### Goal of the exercise
Reproduce only this stretch of the listing below: from the line with "Authentic vintage Wilson’s" through the line with "Đồ đạc nổi lềnh", exactly as written, with pictures excluded.
------ Given records ------
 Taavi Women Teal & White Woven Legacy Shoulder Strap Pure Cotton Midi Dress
------
------ Given records ------
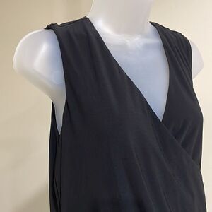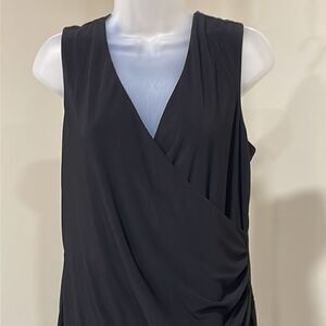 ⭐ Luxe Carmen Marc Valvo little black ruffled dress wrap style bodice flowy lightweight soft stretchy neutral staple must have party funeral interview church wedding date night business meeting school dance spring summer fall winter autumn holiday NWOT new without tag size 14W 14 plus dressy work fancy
------
------ Given records ------
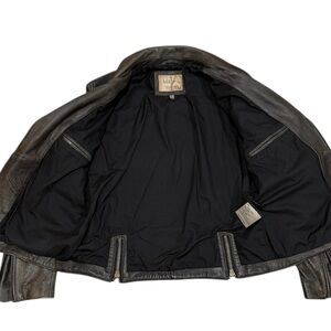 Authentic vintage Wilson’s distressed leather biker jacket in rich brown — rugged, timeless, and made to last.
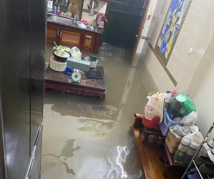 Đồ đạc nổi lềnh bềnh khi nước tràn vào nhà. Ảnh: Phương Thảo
------
### Solution to the problem
 Authentic vintage Wilson’s distressed leather biker jacket in rich brown — rugged, timeless, and made to last.
 Đồ đạc nổi lềnh bềnh khi nước tràn vào nhà. Ảnh: Phương Thảo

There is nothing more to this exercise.